6.) When you find yourself wanting to cheat within the first year, get out. "Getting it out of your system" is a myth. You are not into the other person enough or haven’t been around enough to appreciate what you have.

7.) There is a defining moment where you realize your partner’s sexual boundaries. If they are not where yours are, the sex will only get worse and more predicable. You will either want it less and the other person will cheat, or you will cheat to find someone who satisfies you.

8.) When you are cheating, just leave. It’s easier that way.

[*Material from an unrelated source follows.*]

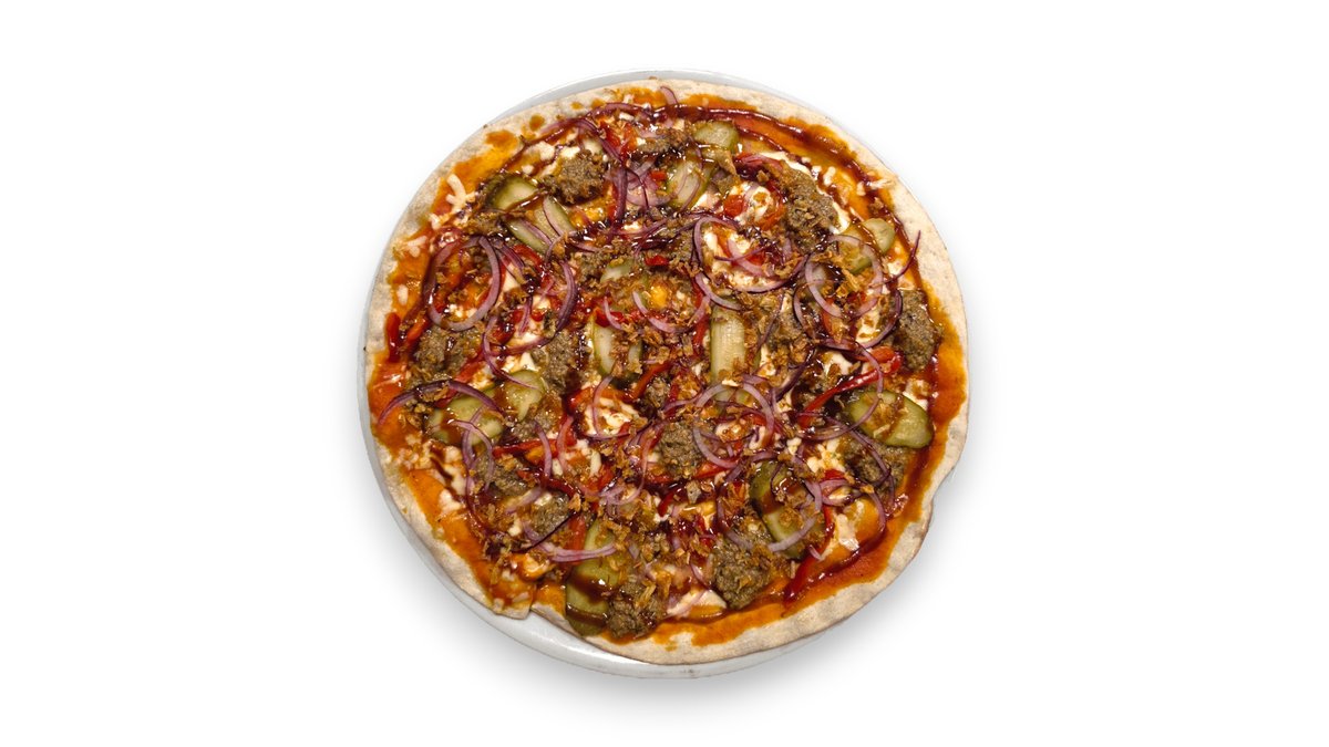 Pomidorų padažas, mocarela sūris, jautienos faršas, marinuoti agurkai, konservuota paprika, raudonas svogūnas pjaustytas, traškūs svogūnai, barbekių padažas, česnakinis bazilikų aliejus

9.) If you strongly suspect the other person is cheating, they may not be, but they are still ignoring you and avoiding you for a reason. They are probably done, even if you aren’t. Try the pre-emptive breakup, George Constanza style

10.) If you are miserable more often than you are happy, remember that breakup misery ends, relationship misery can continue until death

11.) Relating to #10, if this is happening early on, you are really wasting your time. Because remember: IT ONLY GETS WORSE

12.) If you want sex a lot more than your partner does, you will soon be the one cheating. Again, just save yourself the drama and get out easy

13.) If you never have conversations where you feel like friends, you probably aren’t. And, as Michael Bolton once so poignantly asked, “How can we be lovers if we can’t be friends?”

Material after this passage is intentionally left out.